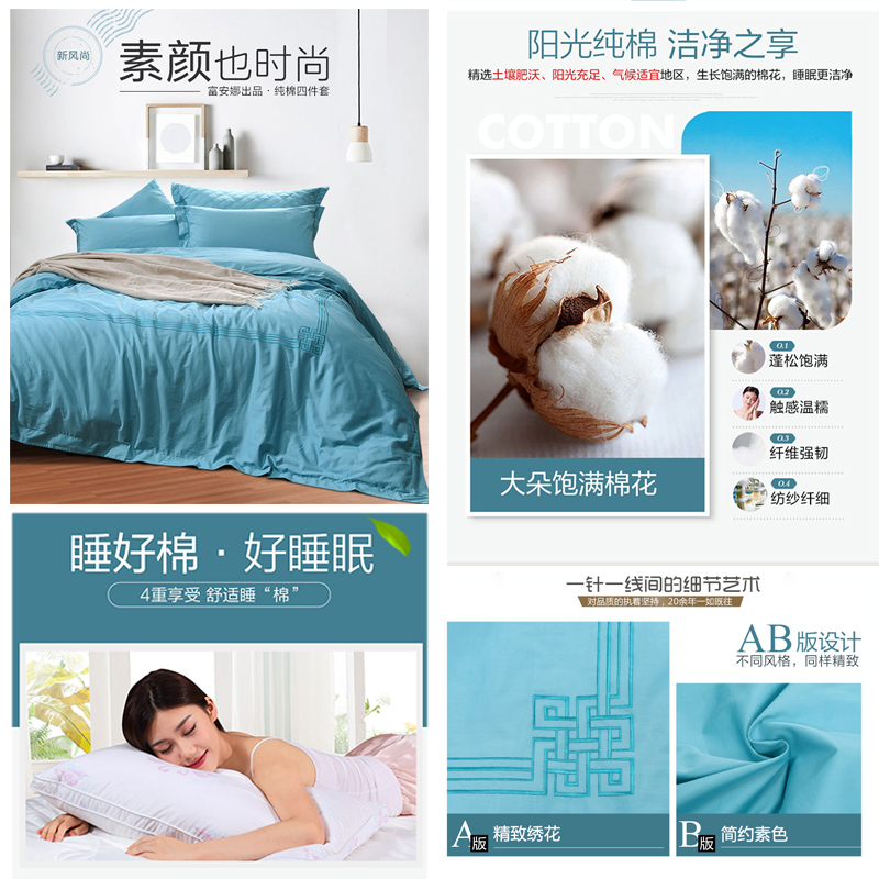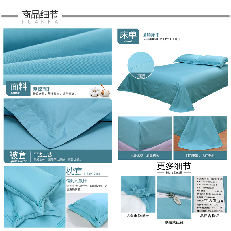 伊人风采 纯棉床单四件套(被套1件床单1件枕套2件)(适合1.8米床)【纯棉/绿】
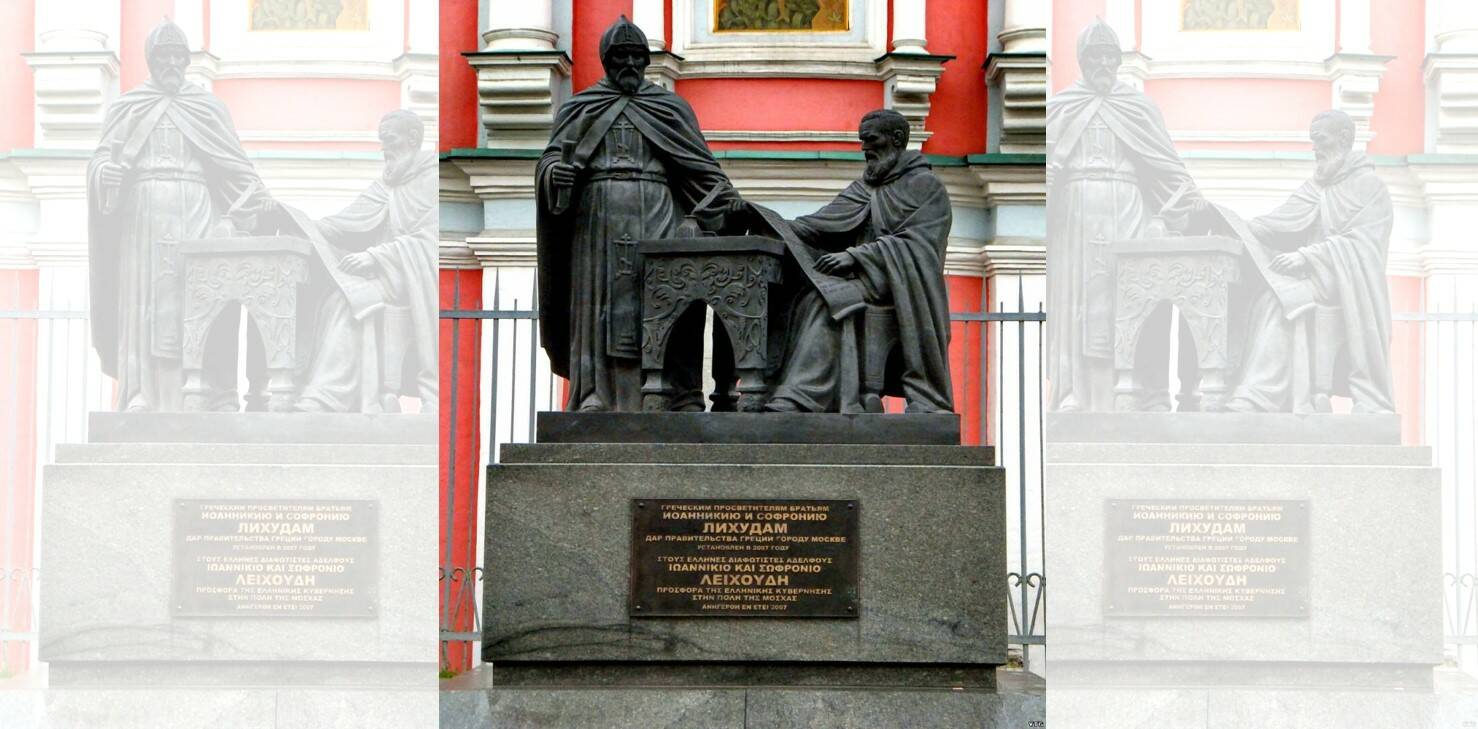 Обложка: Бронзовый памятник греческим монахам-просветителям братьям Иоанникию и Софронию Лихудам — дар правительства Греции городу Москве. Авторами стали скульптор Вячеслав Клыков и архитектор Виктор Пасенко.
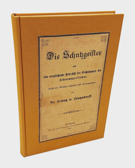 Langsdorff, Dr. Georg von: Die Schutzgeister und eine vergleichende Uebersicht der Erscheinungen des Lebensmagnetismus durch ein Medium erhalten und herausgegeben. Druck und Verlag von Oswald Mutze, Leipzig 1897. XL, 278 S., 1 (Errata), 1 Bl. Vlgs.-Anz. Neuerer priv. Lwd. m. montiertem OUmschlag a.d. Deckel.
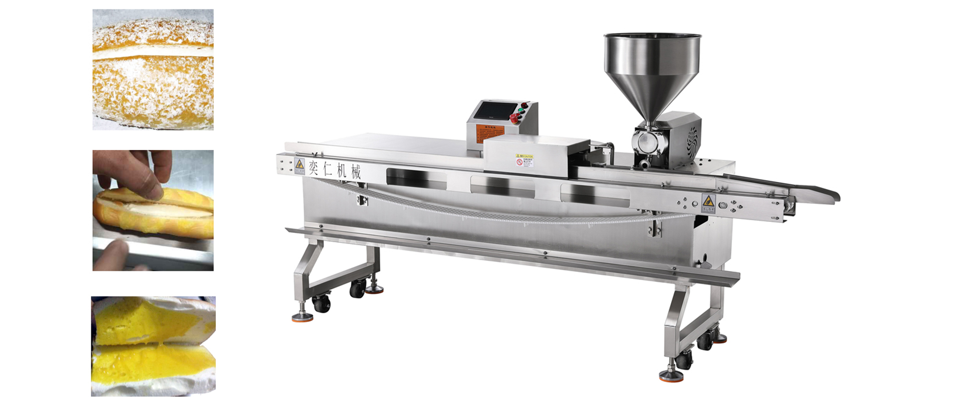 專業(yè)生產(chǎn)各種餅干夾心機(jī)、面包夾心機(jī)、淋漿機(jī)、油炸機(jī)等
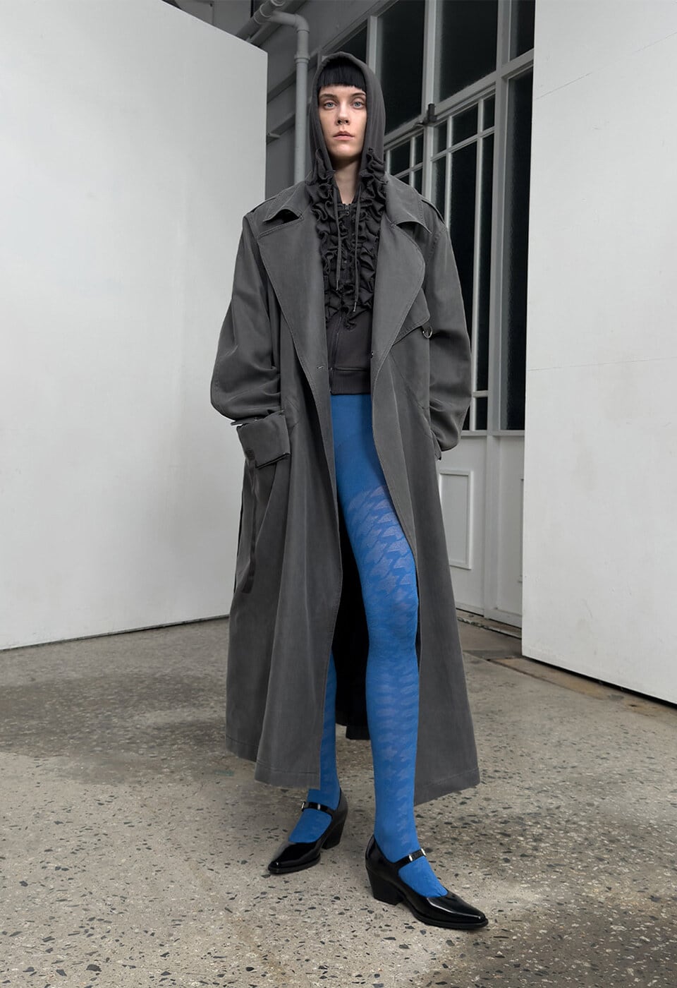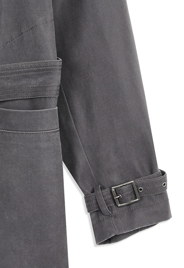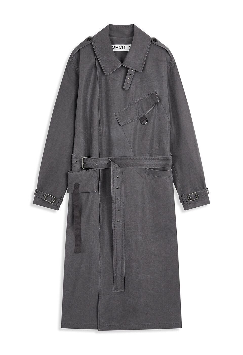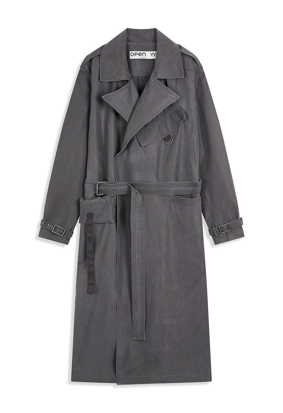 [OPEN YY] MOTORCYCLE MAXI TRENCH COAT, GRAY
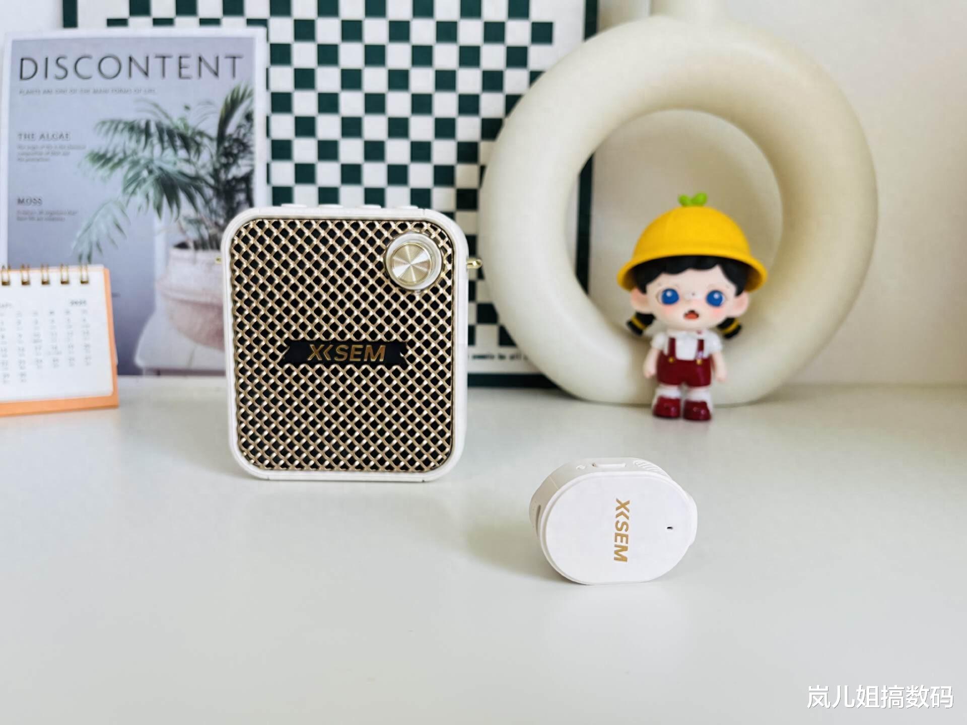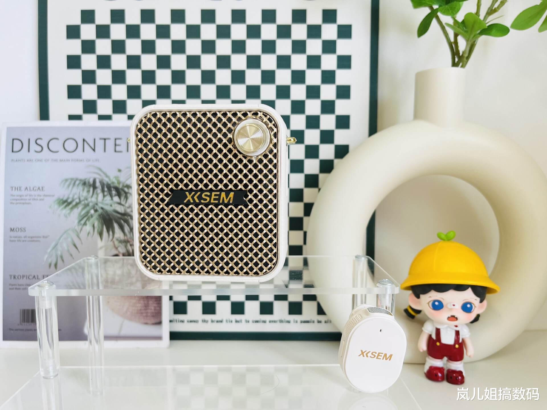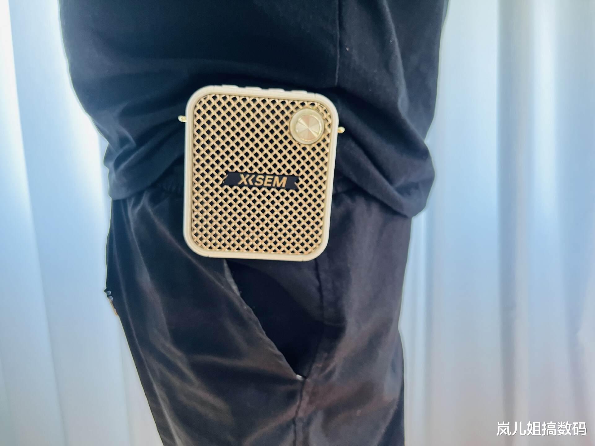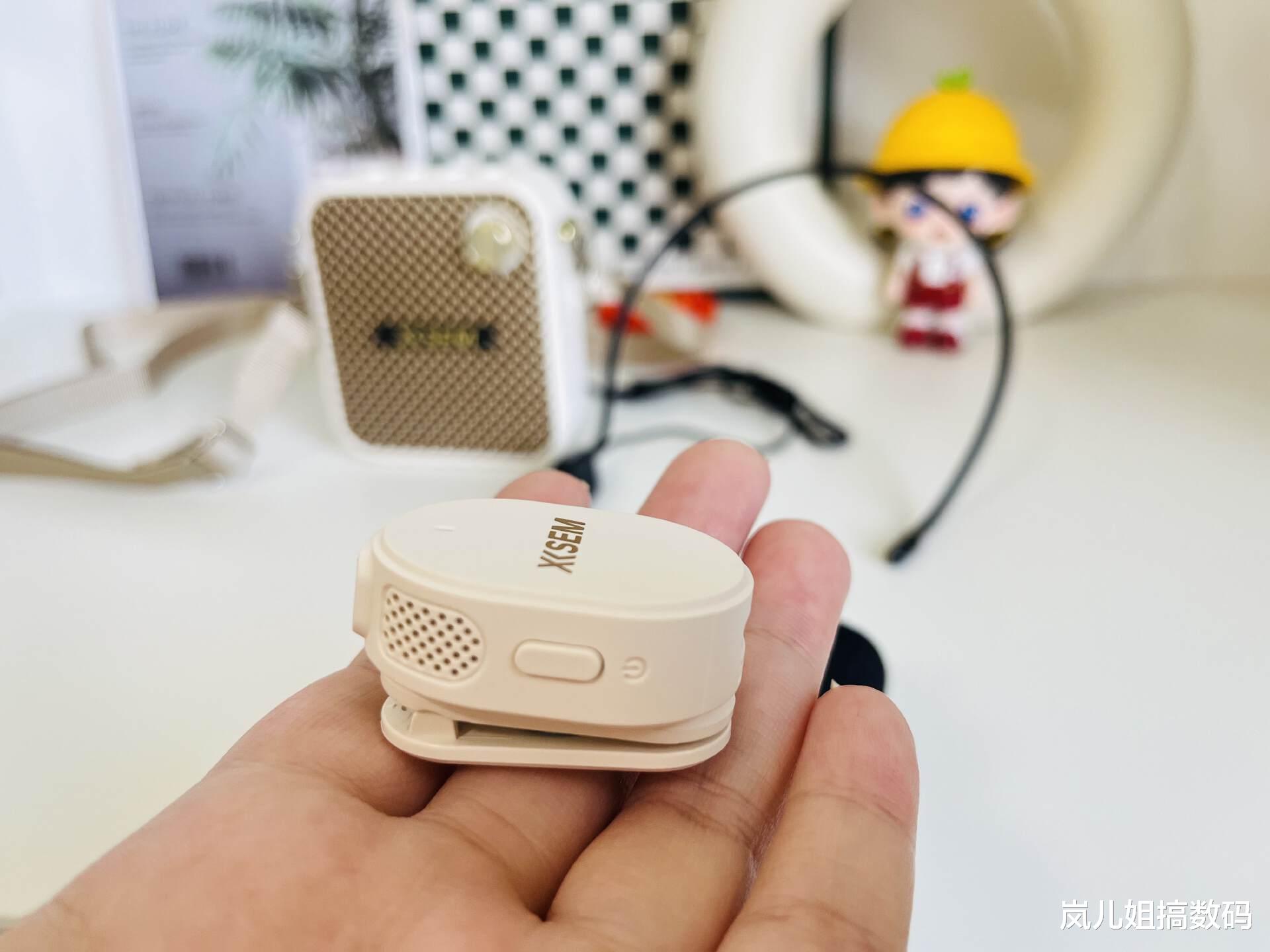 西圣Bee小蜜蜂扩音器机身小巧精致,卡其配色简约又时尚,机身整个线条十分流畅,像个复古小收音机,尺寸大小为82*37*95mm,单机重约165g,不管是拿在手里还是别在裤腰、背着,都很轻巧便携。
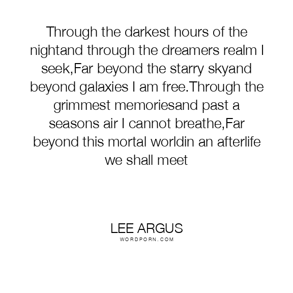 Through the darkest hours of the nightand through the dreamers realm I seek,Far beyond the starry skyand beyond galaxies I am free.Through the grimmest memoriesand past a seasons air I cannot breathe,Far beyond this mortal worldin an afterlife we shall meet
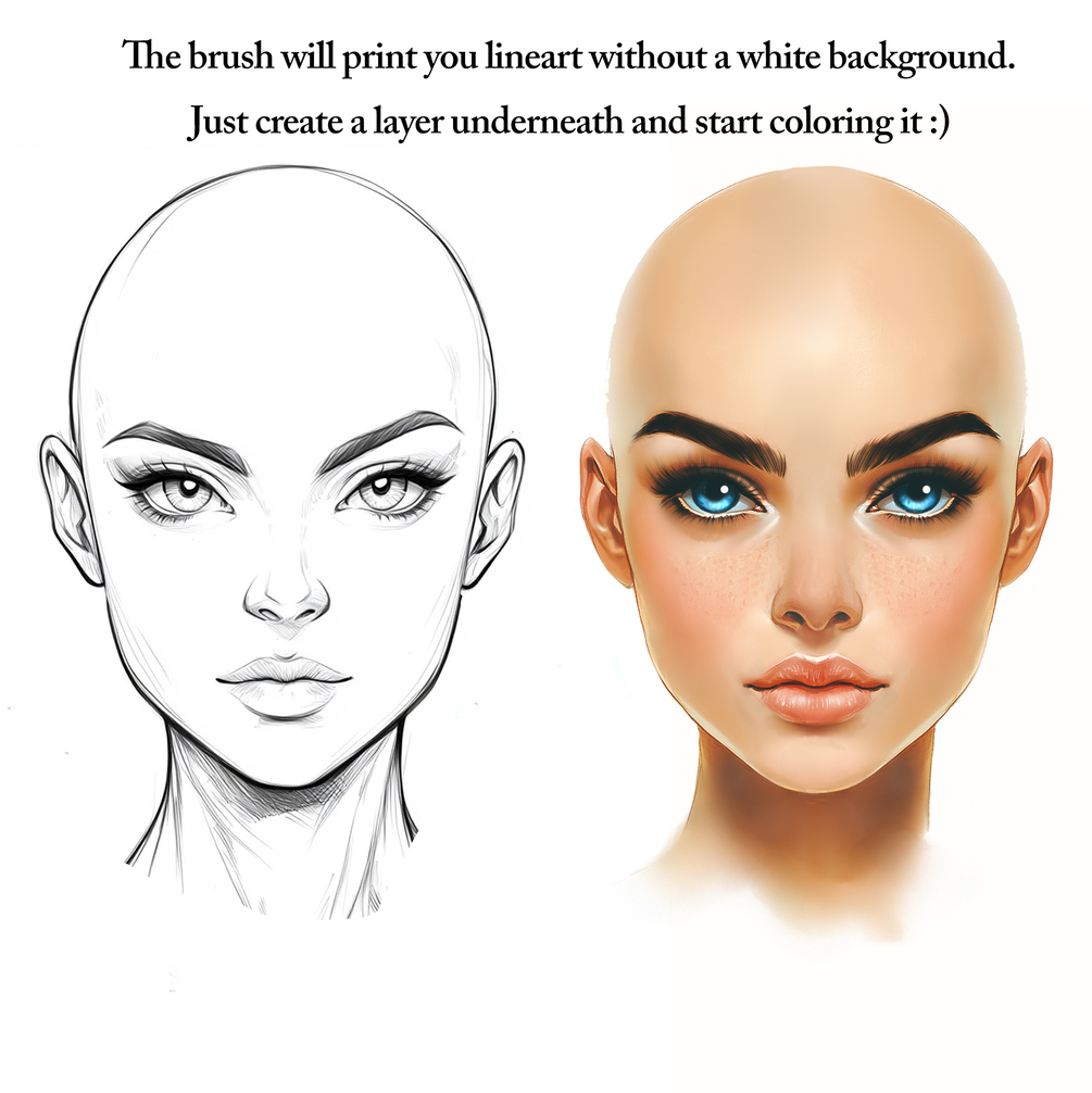 If you want to have fun or practice coloring digital manga this brush bundle is for you! The brush will print you lineart of a manga character's head without a white background. Just create a layer underneath and start coloring it :)
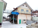--Здание справа от вьезда(кирпич-брус)-2этажа--260кв.м +цоколь.
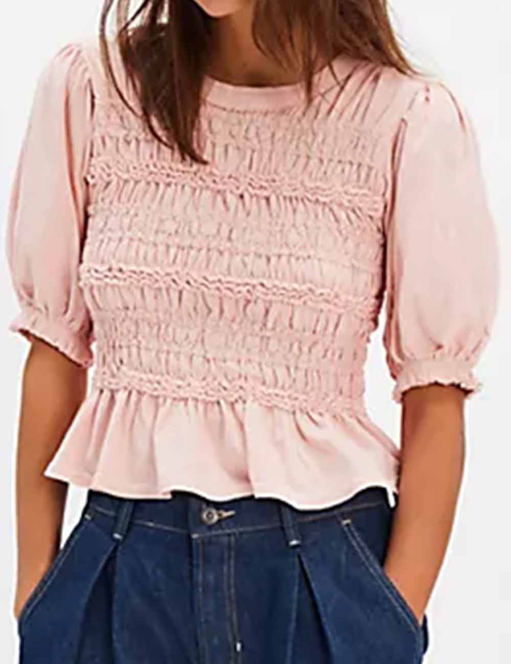 Ladies Lace Ruffle Smocked Bodice Puff Short Sleeves Top
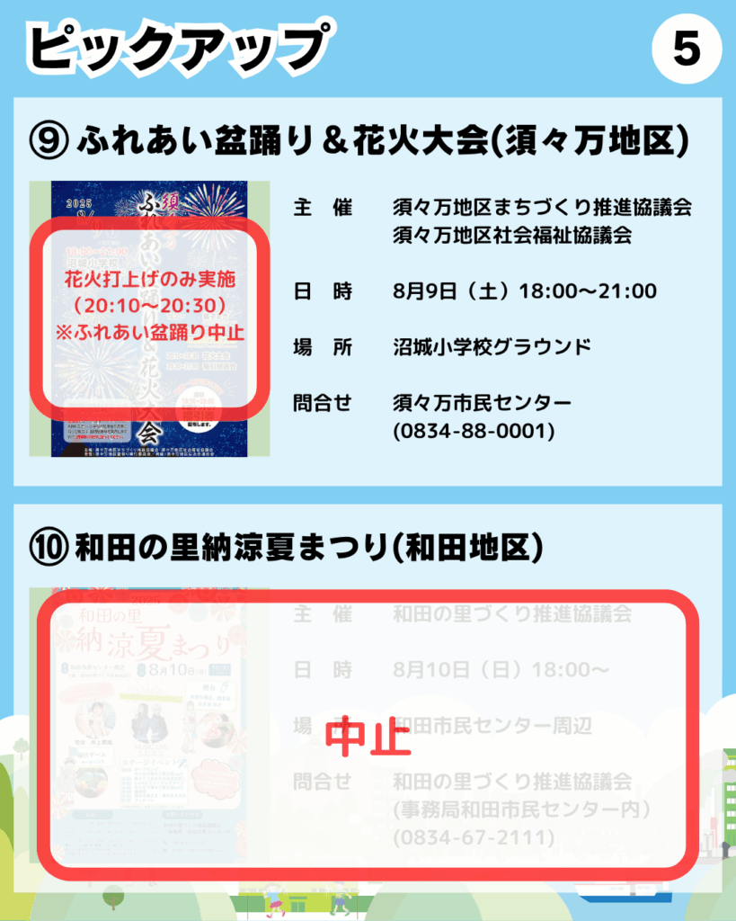 ⚠️各行事・イベントに関する問い合わせは、各主催者様へ直接お問い合わせをお願いします。
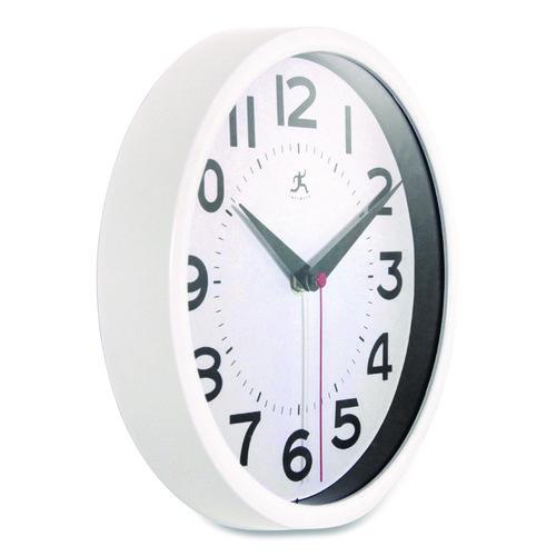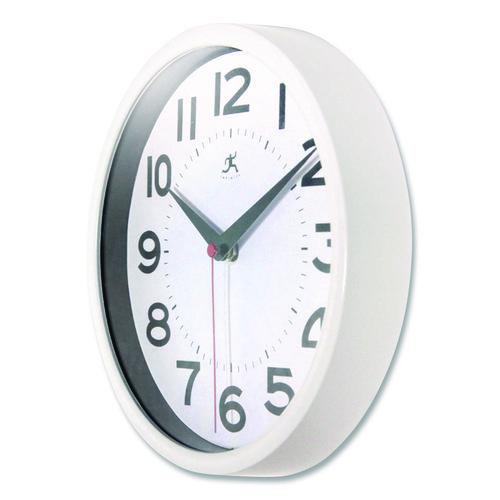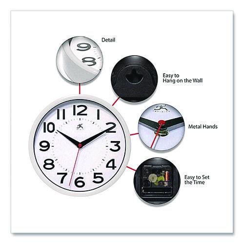 Experience accurate timekeeping, quiet operation, and effortless style with this Metro resin analog wall clock. Featuring large black numbers on a sleek white face with silent-running hands, this battery-powered clock keeps time accurately with minimal noise and offers easy visibility from afar. Enriches office interiors with its understated design and stylish case.
###
The problem: Every record above must be repeated exactly, with the pictures dropped.

Your response:
 伊人风采 纯棉床单四件套(被套1件床单1件枕套2件)(适合1.8米床)【纯棉/绿】
 Обложка: Бронзовый памятник греческим монахам-просветителям братьям Иоанникию и Софронию Лихудам — дар правительства Греции городу Москве. Авторами стали скульптор Вячеслав Клыков и архитектор Виктор Пасенко.
 Langsdorff, Dr. Georg von: Die Schutzgeister und eine vergleichende Uebersicht der Erscheinungen des Lebensmagnetismus durch ein Medium erhalten und herausgegeben. Druck und Verlag von Oswald Mutze, Leipzig 1897. XL, 278 S., 1 (Errata), 1 Bl. Vlgs.-Anz. Neuerer priv. Lwd. m. montiertem OUmschlag a.d. Deckel.
 專業(yè)生產(chǎn)各種餅干夾心機(jī)、面包夾心機(jī)、淋漿機(jī)、油炸機(jī)等
 [OPEN YY] MOTORCYCLE MAXI TRENCH COAT, GRAY
 西圣Bee小蜜蜂扩音器机身小巧精致,卡其配色简约又时尚,机身整个线条十分流畅,像个复古小收音机,尺寸大小为82*37*95mm,单机重约165g,不管是拿在手里还是别在裤腰、背着,都很轻巧便携。
 Through the darkest hours of the nightand through the dreamers realm I seek,Far beyond the starry skyand beyond galaxies I am free.Through the grimmest memoriesand past a seasons air I cannot breathe,Far beyond this mortal worldin an afterlife we shall meet
 If you want to have fun or practice coloring digital manga this brush bundle is for you! The brush will print you lineart of a manga character's head without a white background. Just create a layer underneath and start coloring it :)
--Здание справа от вьезда(кирпич-брус)-2этажа--260кв.м +цоколь.
 Ladies Lace Ruffle Smocked Bodice Puff Short Sleeves Top
 ⚠️各行事・イベントに関する問い合わせは、各主催者様へ直接お問い合わせをお願いします。
 Experience accurate timekeeping, quiet operation, and effortless style with this Metro resin analog wall clock. Featuring large black numbers on a sleek white face with silent-running hands, this battery-powered clock keeps time accurately with minimal noise and offers easy visibility from afar. Enriches office interiors with its understated design and stylish case.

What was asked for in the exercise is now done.